Family is the prompt for Monday. We’re nearing the end of the month, and tomorrow’s may be my last offering, as I don’t usually do the Wednesday One Liners.
Just Jot It January is by Linda Hill (with help from her friends). You can jot something down for the prompt anywhere, any time, just post it on your blog before the end of the month (so it seems). You can read the full instructions here.
Family – Jan 29th
This is linked back to Kim’s blog and to Linda’s post for the day.
I’m not sure what to say about family. in fact I didn’t finish off this post when I started it, setting it to come out a few hours ago! I think I was lucky to have a lovely family, but I realise now that a lot of what people think is odd about me is because I didn’t have sisters, and my brothers were all older than me. Yet there are loads of families just like mine!
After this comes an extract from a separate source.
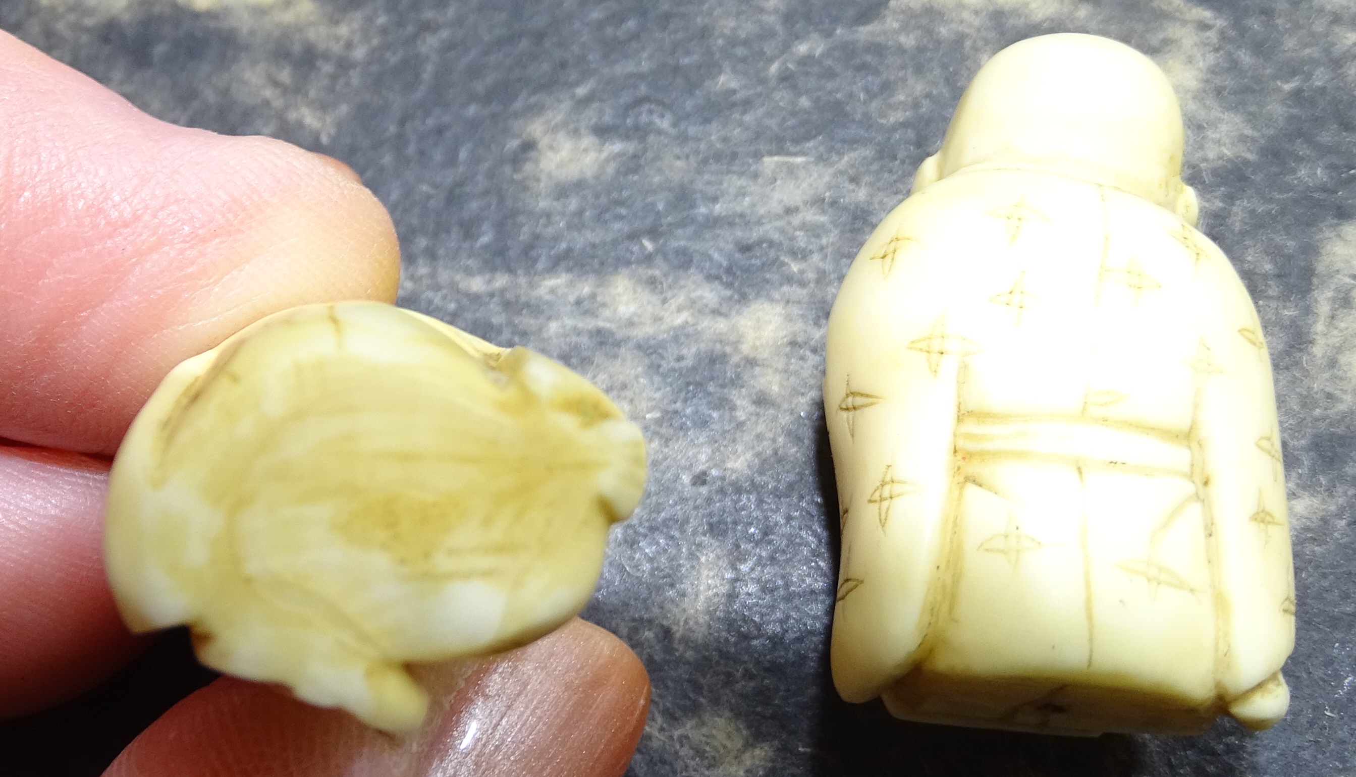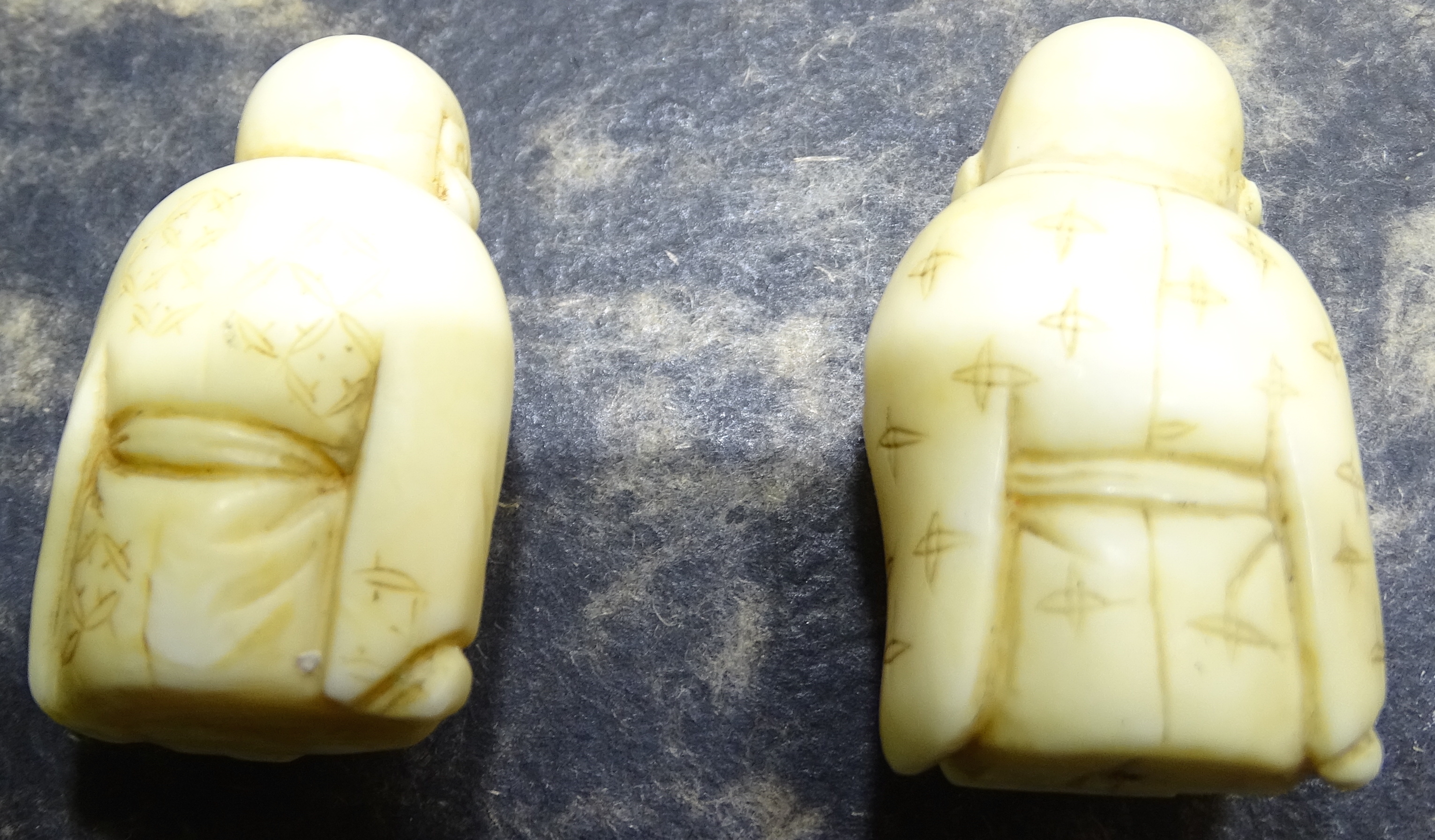 Two small ivory carvings (positive Schreger lines) of asian men?.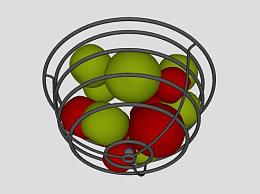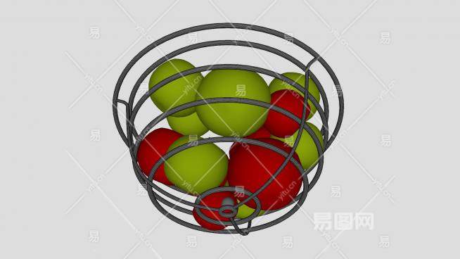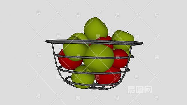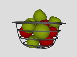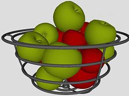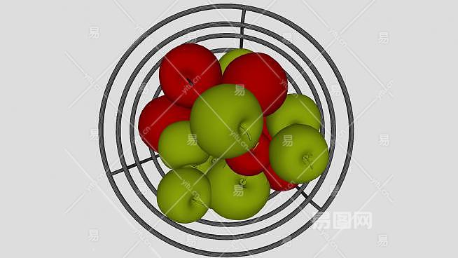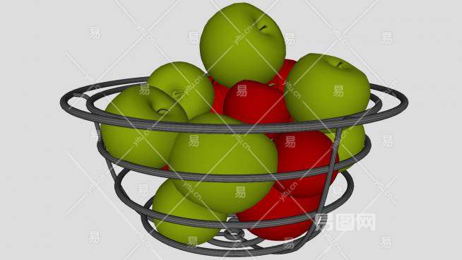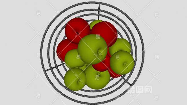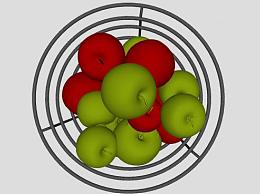 金属果盆中的青红色苹果SU模型下载_sketchup草图大师SKP模型

Now that I’m older, and not working with other people, I have found it very difficult to make new friends because people want to know about your grandchildren, and of course I haven’t got any. It sort of puts a barrier up – no grandchildren = nothing to talk about. In fact, the few friends I made who have got kids, I didn’t know about the kids until I’d known them for years! Says a lot about me, I suppose.
Hope I do better with tomorrow’s word 🙂
You have written a beautiful post Jemima, I have children and grandchildren but I hope they are not the only things I talk about….. I consider you a friend and I find you very interesting, I love that photo of you and your dad 💜
I think we are more friends through work, I.e blogging, so we have common interests 😀
No problem, Jackie. I have childless friends and we always have loads to talk about!
Great picture!
When you have books you always have something to talk about!
Good photo of you and your dad. I have quite a lot of friends with grandchildren now but I find that easier than when I was at the age that other people started having children. Then they were understandably very absorbed in parenthood and quite a few friendships floundered.
Yes, it’s when you meet new people whose main interest is their family, when it’s understandable that common interests are hard to find.
Lovely picture of you and your dad.
I think that whenever I meet someone who can only talk of their kids and grandkids, I am unlikely to pursue any friendship with them, because it suggests a lack of any real interests. I agree about it being hard to find friends at this stage of life, though. I made many of my friends through my kids, but the ones who’ve stuck are the ones with whom I shared other interests, or connected on some other level (still have no idea about why one friend and I connected so tightly, as we share very few interests yet never run out of stuff to talk about!).